Alphabet to Raise $80 Billion for AI, Pauses Buybacks

Alphabet announced an $80 billion equity raise to fund AI compute and paused its long-running share buyback program; GOOGL opened about 3.5% lower on June 1.

Alphabet announced on June 1 an $80 billion equity offering to finance an expansion of its artificial intelligence infrastructure and suspended its share repurchase program. GOOGL shares opened about 3.5% lower following the announcement.

The offering package includes a $30 billion concurrent public offering, a $40 billion at-the-market program slated to begin in the third quarter, and a $10 billion private placement. Alphabet said the offerings were “in expected aggregate amount” of $80 billion as part of plans to fund investments in AI compute infrastructure.

Berkshire Hathaway agreed to anchor the private placement with a $10 billion commitment, buying $5 billion of Class A shares at $351.81 per share and $5 billion of Class C shares at $348.20 per share.

Alphabet said proceeds will be used to expand data centers, build custom chips and scale global compute capacity that supports Search, Cloud and its Gemini AI models. The company now expects capital expenditures of $180 billion to $190 billion in 2026, about double 2025 levels, and indicated spending will increase further in 2027.

Since 2016, Alphabet repurchased more than $346 billion of stock, reducing shares outstanding by roughly 13% from a 2019 peak. The new fundraising reverses that repurchase program and raises the company’s share count while providing cash for infrastructure buildout.
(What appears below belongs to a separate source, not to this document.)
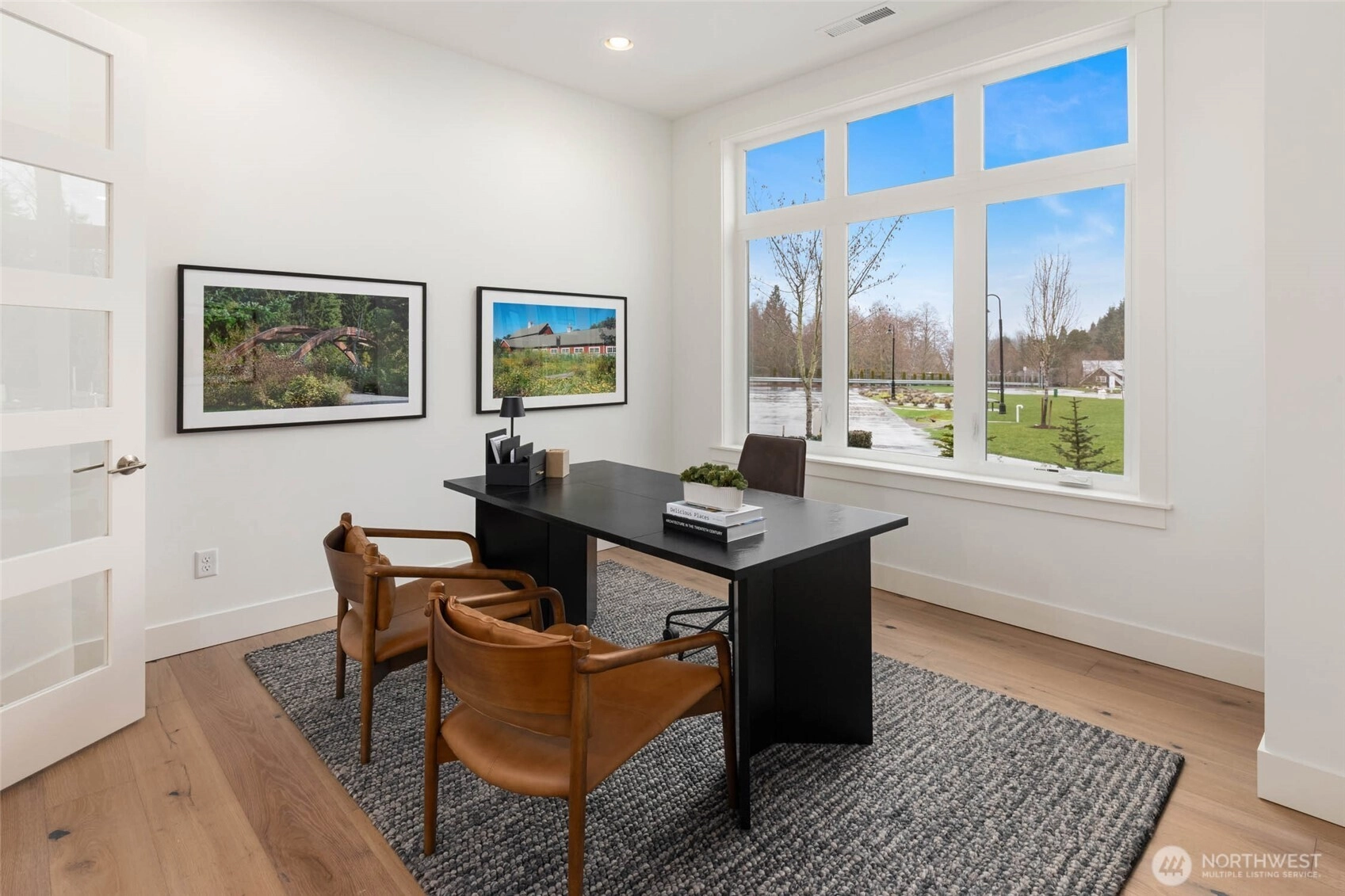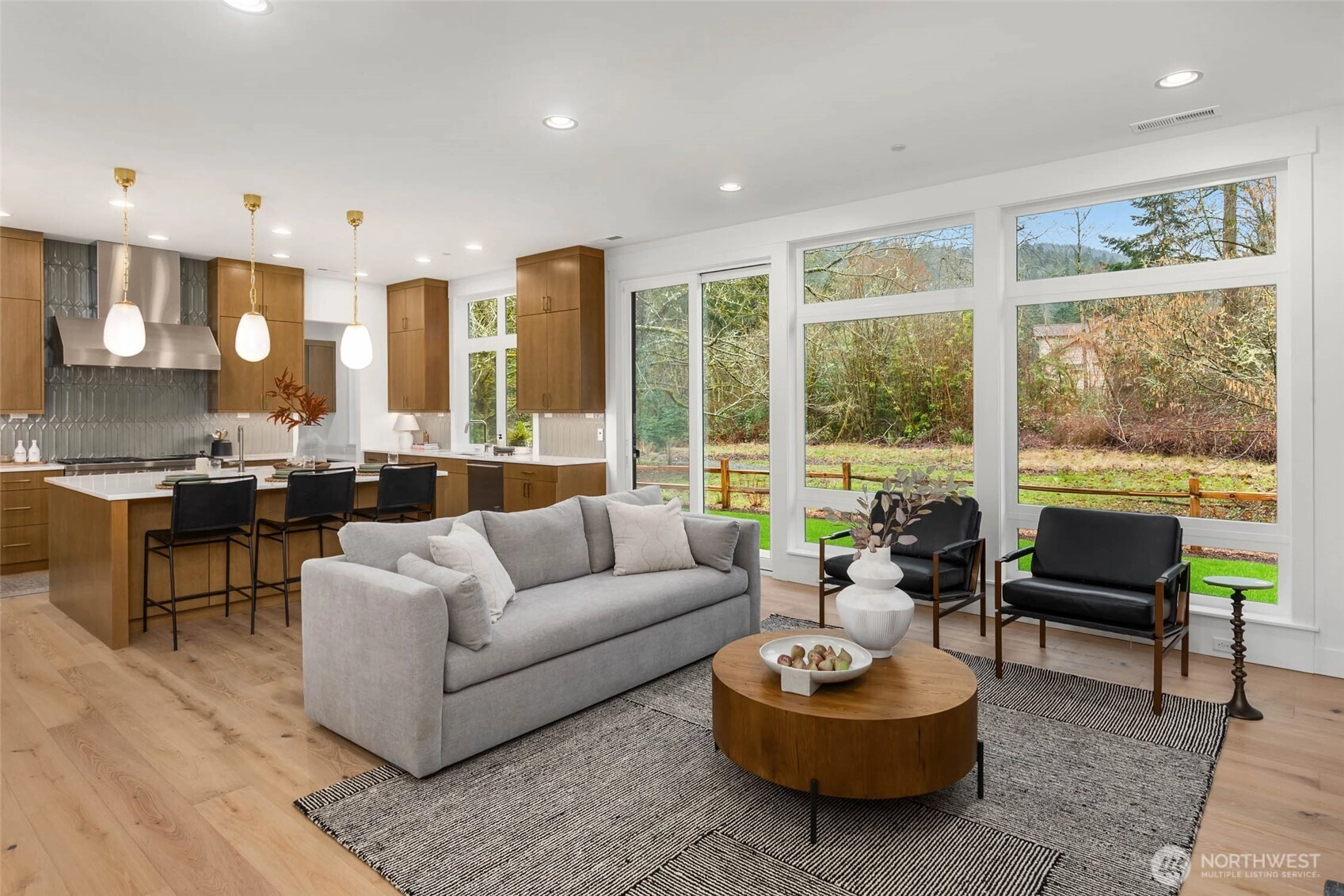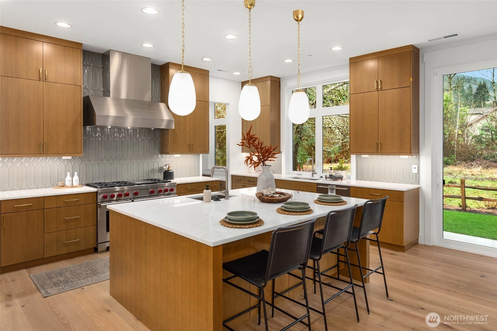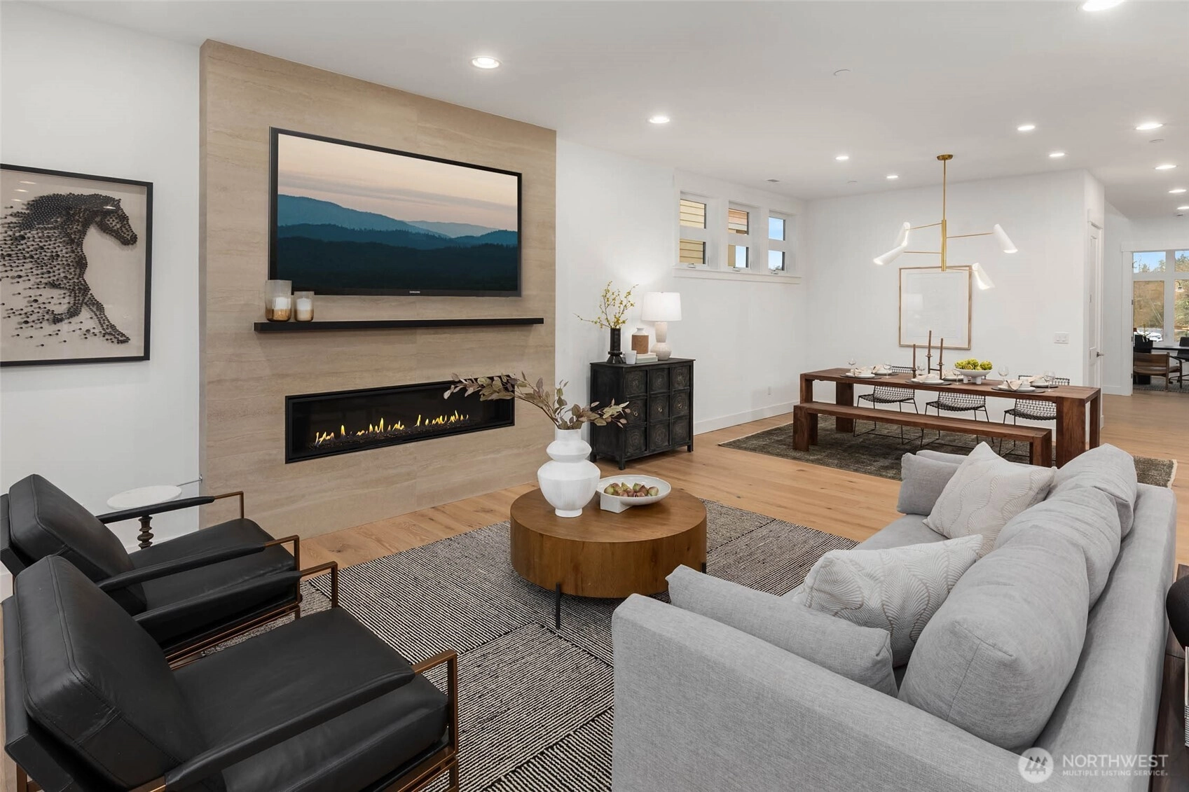 Just Released, newly completed home in Steve Burnstead Constructions newest offering, Tibbetts Crossing. A stunning community of 20 custom NW contemporary homes on 21 acres with Tibbetts Creek serenely running through. The Evans Plan on lot 5 is a stunning 3,546 SF 5 Bed/4 Bath Custom Designed Residence. Main floor flooded with natural light through Floor to Ceiling window walls and 10 Foot Ceilings. Home office/guest suite, dramatic 2 story entry, and Open Concept Great Room open to patio and greenbelt backing yard. Chef’s kitchen with Custom Cabinets oversized island with designer selected quartz slab and eating bar, and premium Wolf/Sub-Zero/Cove appliance package. Dedicated dining space with built in custom floating buffet, floating shelves, and full height tile backsplash. Stunning Primary Suite with greenbelt views, contemporary fireplace with slab surround, and Spa like bath one of 4 upper bedrooms. Spacious Rec-Room and Well Appointed Utlility/mud room with tile floors, custom cabinets, cubbies, shelves, and stainless steel sink. Installed and ready to save solar panels. Designer Curated fixtures and finishes throughout. Only move in ready home in this brand new, over a quarter sold out neighborhood. A+ Location, Schools, Quality, Design by a TRUSTED LOCAL NAME.

Alphabet described the at-the-market program as a mechanism to raise capital over time, with the concurrent offering and private placement securing a substantial portion of the targeted amount up front. The company did not provide a detailed timetable for how quickly the raised capital will be deployed beyond the 2026 and 2027 guidance.

Investors and analysts will track the impact of the equity issuance on earnings per share, share count and free cash flow as Alphabet invests in AI capacity. Market participants have noted the capital intensity of AI buildouts across large cloud providers as a factor for cash flow and financial planning.